Since cyberattacks constitute a kind of contemporary weapon, the international community has not yet come up with norms that dictate appropriate responses. Moving forward, our group will develop a sequence of scenarios where cyber warfare is used (e.g. when a private sector business is hacked, when governmental emails are hacked, etc.). Using these scenarios, we will evaluate the optimal course(s) of action for the attacked government. The evaluation will be partially based on the equivalent scenario with more conventional weapons. For example, if a cyberattack caused x amount of monetary damage to a private company, that could be an action equivalent to dropping a bomb on a factory for that company. Therefore, it is necessary to calculate the resulting physical damage, soft power damage, and setback time in order to determine a proportional response. After running the cases and evaluating the damage, our group will create a prescription of retaliatory actions and thus develop a normative framework regarding cyber warfare.
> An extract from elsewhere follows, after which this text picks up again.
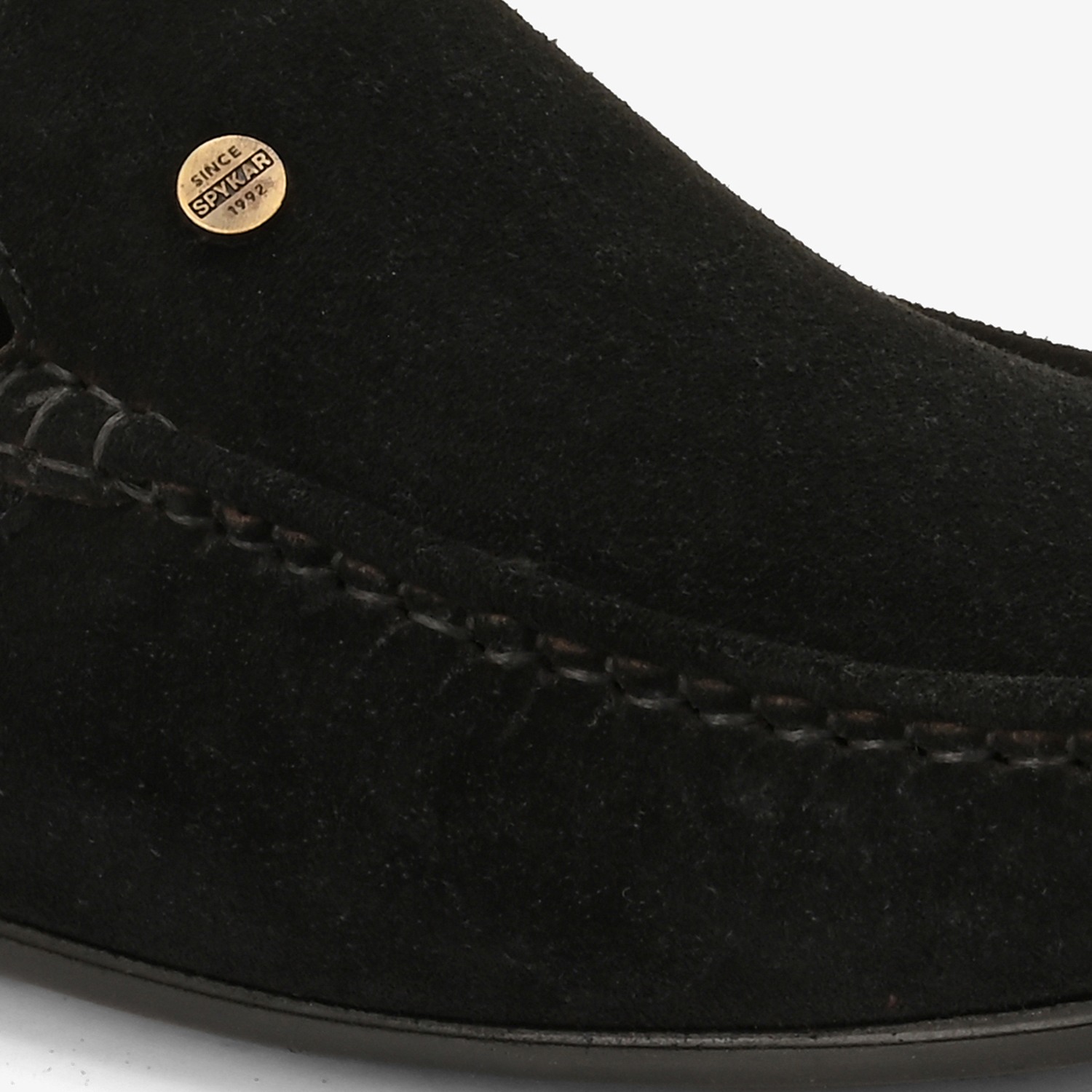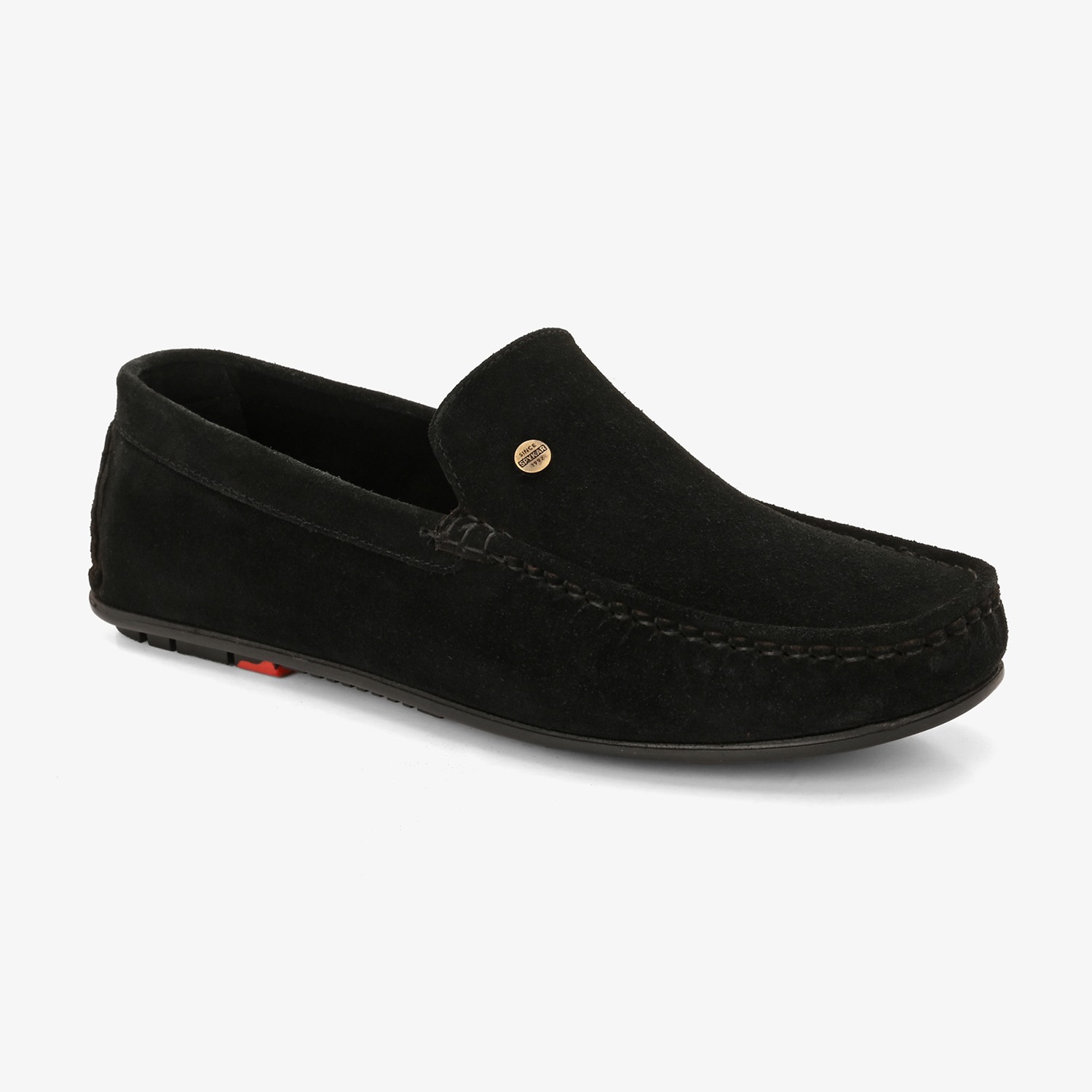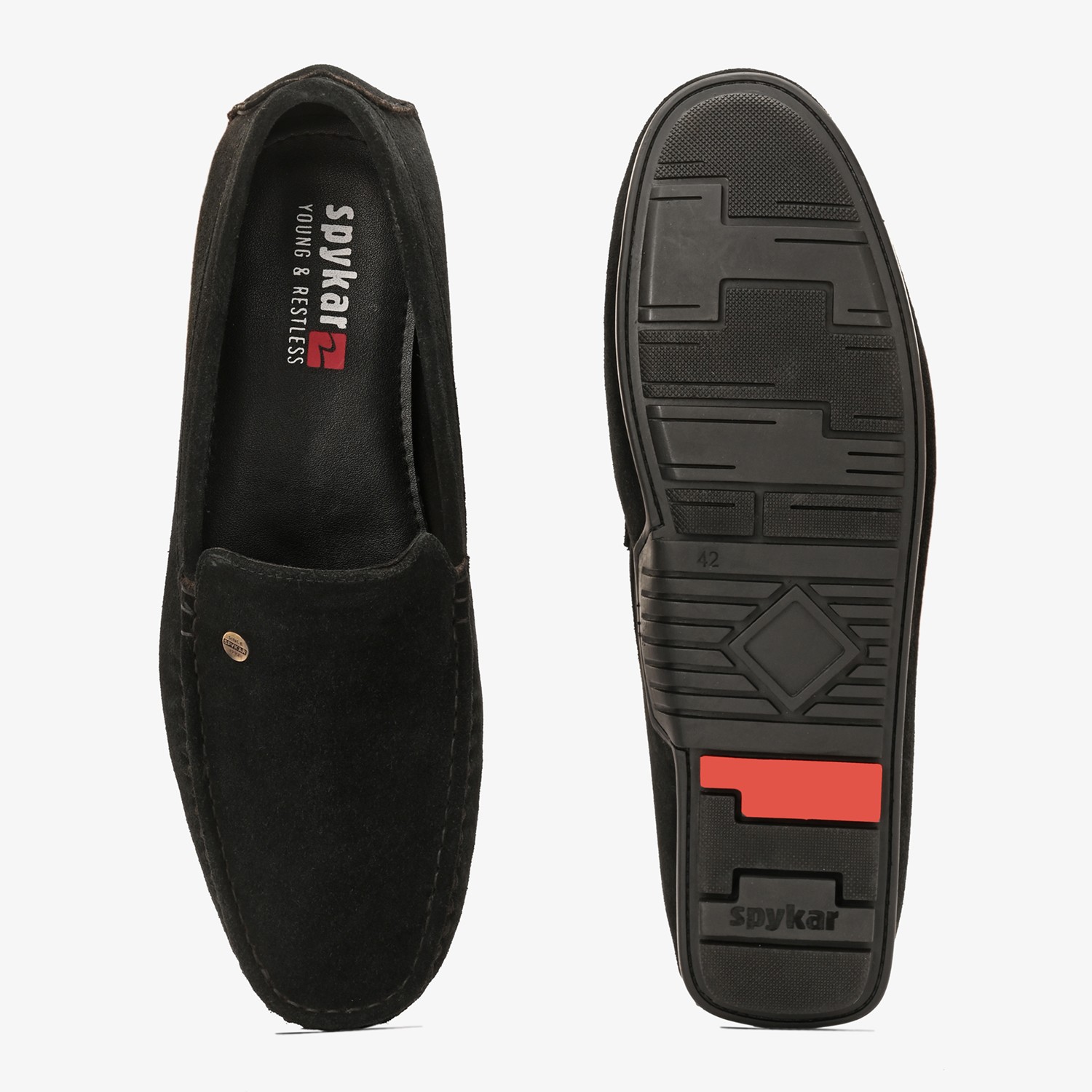 | Step into timeless elegance with these men's black slip-on loafers. Featuring a sleek suede-like finish and meticulous stitching, these loafers offer both style and comfort for any occasion. The flexible sole ensures ease of movement, while the slip-on design makes them quick to wear. Perfect for casual or formal settings, these black loafers are a versatile addition to your wardrobe. |

We are investigating cyber security, and where cyber intrusions fall in types of warfare; this would help us evaluate the magnitude of this type of warfare and (ideally) lay out proportionate response plans. Cyberattacks impact both the public and the private sector; their adverse effects may be merely suspicious or may destroy entire companies and/or governments. As the potential damage from cyberattacks continues to increase with the advancement of computer technology, there is a clear need for precedent both in managing the aftermath of a cyberattack as well as regulating a state’s ability to engage in cyberwarfare. The recent DDOS (Distributed Denial-of-Service) attack of Oct. 21, 2016 was the largest of its kind in history and it was caused by malware that spread to Internet of Things devices and associated automation technologies. These observed vulnerabilities direct our group to examine 1) the history of major Internet breaches; 2) if these breaches happened in the private or public sectors; 3) the responses or lack thereof to these breaches; and 4) a potential strategy for dealing with such breaches moving forward in an increasingly digital era.